Wells Fargo Bank, N.A. v Hyun Jung Kim |
2020 NY Slip Op 08109 [189 AD3d 1673] |
December 30, 2020 |
Appellate Division, Second Department |
Published by New York State Law Reporting Bureau pursuant to Judiciary Law § 431. |
Wells Fargo Bank, National Association,
Respondent, v Hyun Jung Kim, Appellant, et al., Defendants. |
Solomon Zabrowsky, New York, NY, for appellant.
Greenberg Traurig, LLP, New York, NY (Adam P. Hartley and Patrick G. Broderick of counsel), for respondent.
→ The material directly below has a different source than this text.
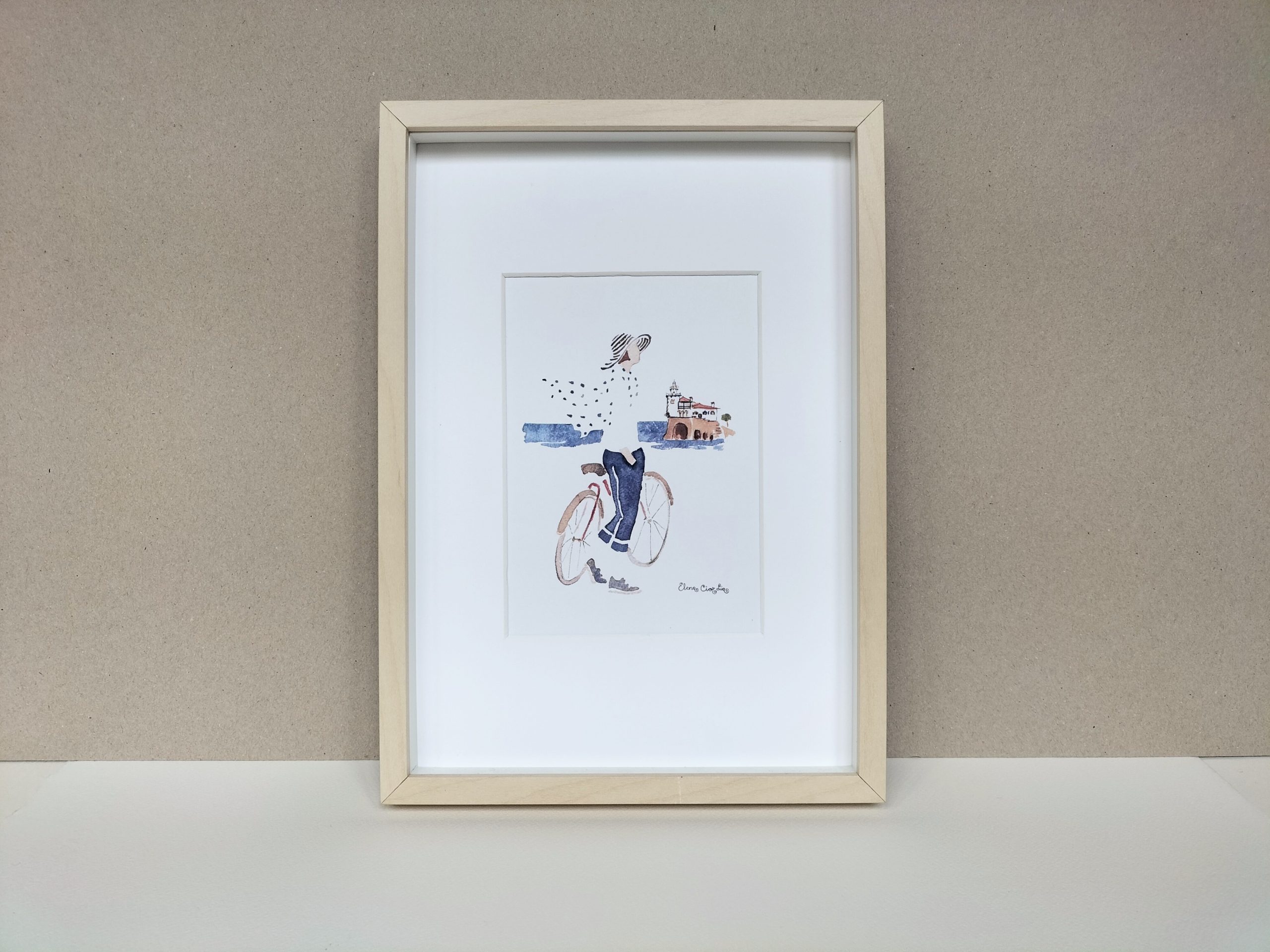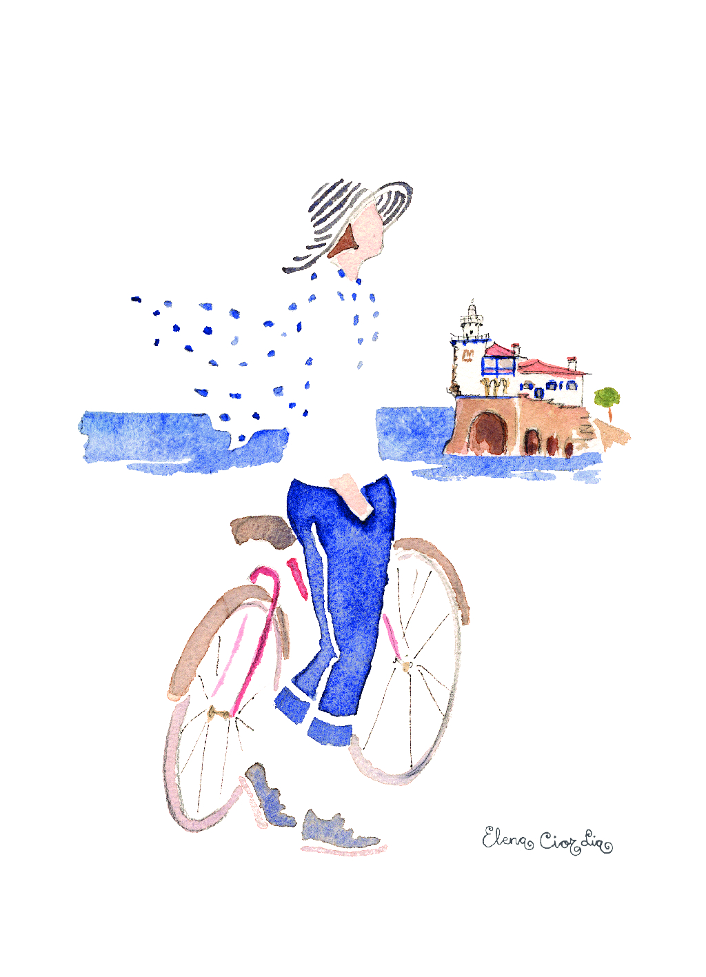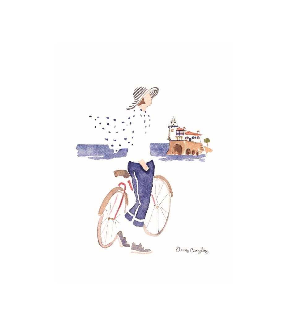 Arriluzetik bizikletaz, itsas haizeaz eta eguzkiaz gozatuz. Elena Ciordiak margoztutako akuarela batekin eginiko lamina.

In an action to foreclose a mortgage, the defendant Hyun Jung Kim appeals from a judgment of foreclosure and sale of the Supreme Court, Queens County (Allan B. Weiss, J.), entered January 17, 2019. The judgment of foreclosure and sale, upon an order of the same court entered August 14, 2018, granting the plaintiff's motion for a judgment of foreclosure and sale and denying the cross motion of the defendant Hyun Jung Kim, in effect, to vacate an order of reference of the same court entered May 16, 2017, upon her failure to appear or answer the complaint and for leave to serve a late answer, inter alia, directed the sale of the subject property.
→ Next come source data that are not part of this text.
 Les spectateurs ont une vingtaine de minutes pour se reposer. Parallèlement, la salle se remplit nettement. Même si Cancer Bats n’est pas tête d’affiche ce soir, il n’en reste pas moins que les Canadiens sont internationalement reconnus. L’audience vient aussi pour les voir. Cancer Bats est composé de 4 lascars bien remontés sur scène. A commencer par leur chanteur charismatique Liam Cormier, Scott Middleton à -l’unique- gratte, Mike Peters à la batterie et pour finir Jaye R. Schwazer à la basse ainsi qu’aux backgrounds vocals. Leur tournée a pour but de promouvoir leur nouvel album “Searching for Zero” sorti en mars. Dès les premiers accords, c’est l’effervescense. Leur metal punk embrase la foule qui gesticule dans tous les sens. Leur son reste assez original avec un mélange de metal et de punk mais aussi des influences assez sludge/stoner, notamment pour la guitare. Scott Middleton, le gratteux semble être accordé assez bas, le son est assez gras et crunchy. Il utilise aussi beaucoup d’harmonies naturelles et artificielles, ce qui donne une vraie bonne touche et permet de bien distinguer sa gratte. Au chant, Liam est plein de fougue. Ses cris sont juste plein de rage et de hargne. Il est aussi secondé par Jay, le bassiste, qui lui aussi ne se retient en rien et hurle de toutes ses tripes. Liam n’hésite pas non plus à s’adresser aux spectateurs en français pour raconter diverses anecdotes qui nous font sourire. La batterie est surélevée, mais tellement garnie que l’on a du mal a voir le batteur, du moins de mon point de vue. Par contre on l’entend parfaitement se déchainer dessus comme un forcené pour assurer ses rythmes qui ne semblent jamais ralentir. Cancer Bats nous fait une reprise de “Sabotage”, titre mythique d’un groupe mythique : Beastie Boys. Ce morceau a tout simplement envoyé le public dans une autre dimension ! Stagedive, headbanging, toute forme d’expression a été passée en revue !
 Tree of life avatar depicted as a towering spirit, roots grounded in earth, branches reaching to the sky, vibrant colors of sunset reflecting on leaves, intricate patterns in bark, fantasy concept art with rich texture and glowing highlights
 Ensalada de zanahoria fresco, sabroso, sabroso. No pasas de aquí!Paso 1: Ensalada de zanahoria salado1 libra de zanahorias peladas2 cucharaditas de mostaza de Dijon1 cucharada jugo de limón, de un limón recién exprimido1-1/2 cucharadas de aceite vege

Ordered that the judgment of foreclosure and sale is affirmed, with costs.
The plaintiff commenced this action to foreclose a mortgage against, among others, the defendant Hyun Jung Kim (hereinafter the defendant). On May 16, 2017, the Supreme Court entered an order of reference upon the defendant's failure to appear or answer the complaint. Subsequently, the plaintiff moved for a judgment of foreclosure and sale. The defendant cross-moved, in effect, to vacate the order of reference and for leave to serve a late answer. In support of the cross motion, the defendant submitted an affidavit in which she averred, inter alia, that she did not realize that she was supposed to submit an answer to the complaint. In an order entered August 14, 2018, the court granted the plaintiff's motion and denied the defendant's cross motion. A judgment of foreclosure and sale was entered on January 17, 2019. The defendant appeals.
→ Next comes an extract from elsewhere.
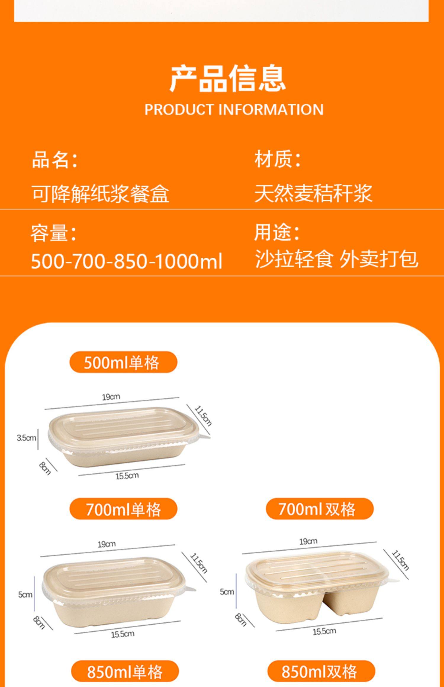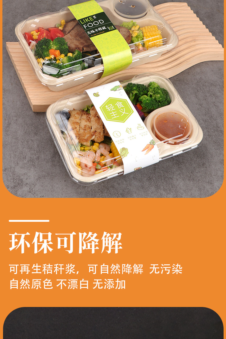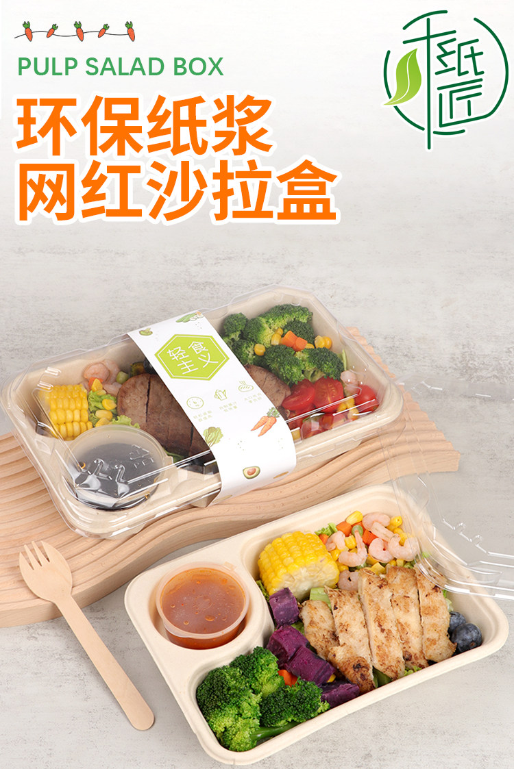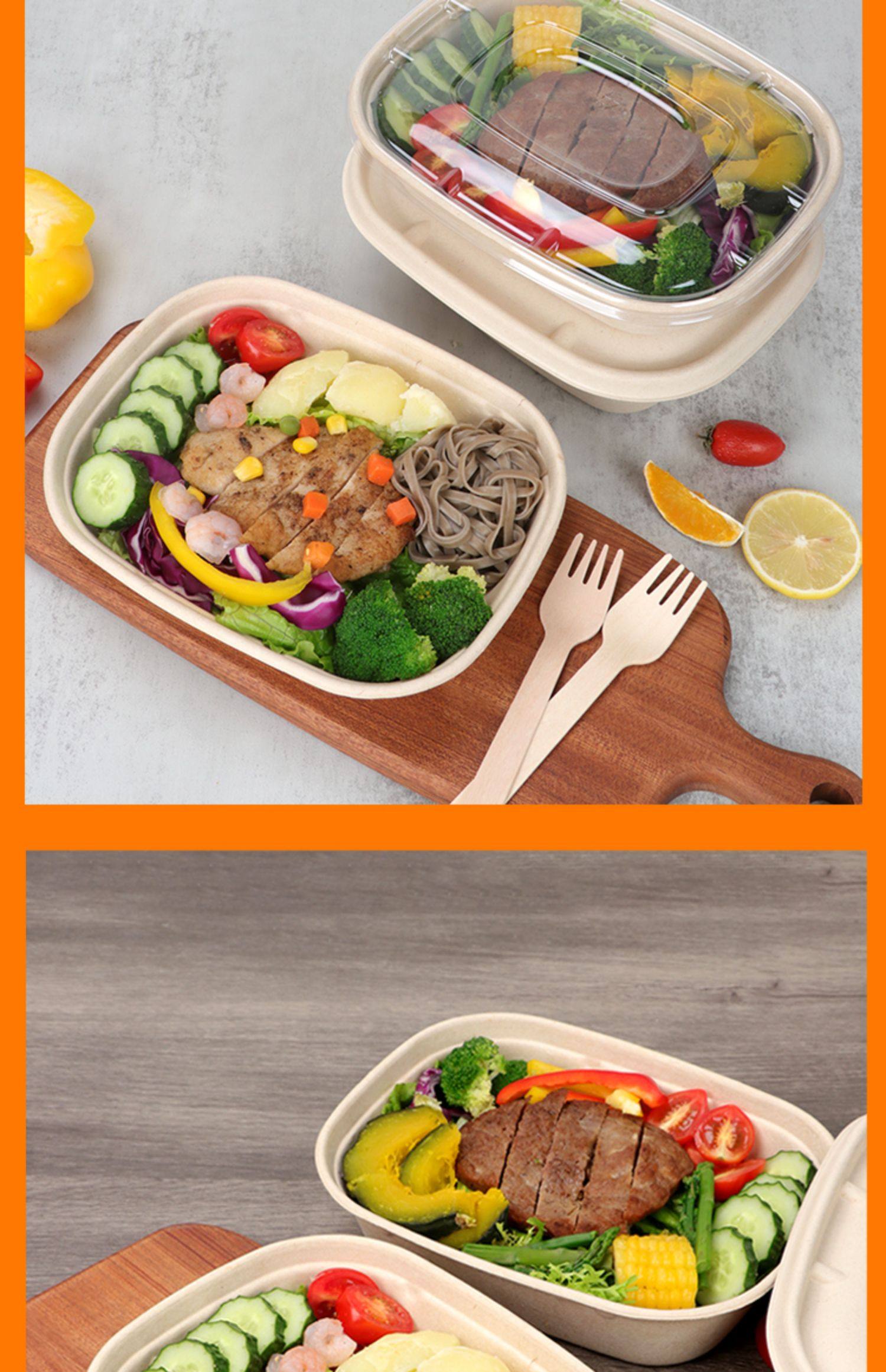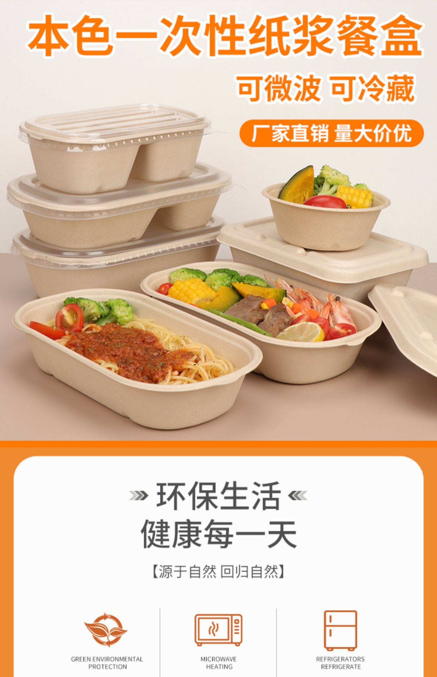 可降解一次性纸浆餐盒沙拉盒轻食打包盒长方形饭盒环保外卖便当盒

A defendant seeking to vacate a default in appearing in the action or answering the complaint must show both a reasonable excuse for the default and a potentially meritorious defense (see CPLR 5015 [a] [1]; U.S. Bank N.A. v Crawford, 174 AD3d 762, 763 [2019]; US Bank N.A. v Dedomenico, 162 AD3d 962, 964 [2018]). Here, the defendant's proffered excuse that she was unaware of the need to answer the complaint was insufficient to demonstrate a reasonable excuse for the default (see U.S. Bank N.A. v Crawford, 174 AD3d at 763; Wells Fargo Bank, NA v Besemer, 131 AD3d 1047, 1049 [2015]; U.S. Bank N.A. v Slavinski, 78 AD3d 1167 [2010]). The conclusory assertion of the defendant's attorney that the defendant's default was based, in part, on the fact that the defendant was not completely fluent in English was improperly asserted for the first time in reply, not supported by any evidence in the record, and, ultimately, merely an extension of the argument that the defendant lacked understanding of the legal process, which was insufficient to demonstrate a [*2]reasonable excuse for the default (see U.S. Bank N.A. v Crawford, 174 AD3d at 763; see also Abdulayev v Yadgarov, 105 AD3d 877 [2013]; Holcomb v TWR Express, Inc., 11 AD3d 513, 514 [2004]). As the defendant failed to demonstrate a reasonable excuse for her default, it is unnecessary to determine whether she sufficiently demonstrated the existence of a potentially meritorious defense (see Elderco, Inc. v Kneski & Sons, Inc., 183 AD3d 703 [2020]; US Bank N.A. v Dedomenico, 162 AD3d at 964).
Although the Supreme Court retains the inherent discretionary power to relieve a party from a judgment for sufficient reason and in the interest of substantial justice, this power is not plenary and should only be exercised to grant relief where a judgment was taken through fraud, mistake, inadvertence, surprise, or excusable neglect (see Matter of McKenna v County of Nassau, Off. of County Attorney, 61 NY2d 739, 742 [1984]; Nationstar Mtge., LLC v Russo, 167 AD3d 913, 915 [2018]). Here, the defendant failed to provide any evidence that the orders entered in this action on her default were the result of fraud, mistake, inadvertence, surprise, or excusable neglect (see JPMorgan Chase Bank, N.A. v Dev, 176 AD3d 691, 693 [2019]). Mastro, J.P., Chambers, Brathwaite Nelson and Christopher, JJ., concur.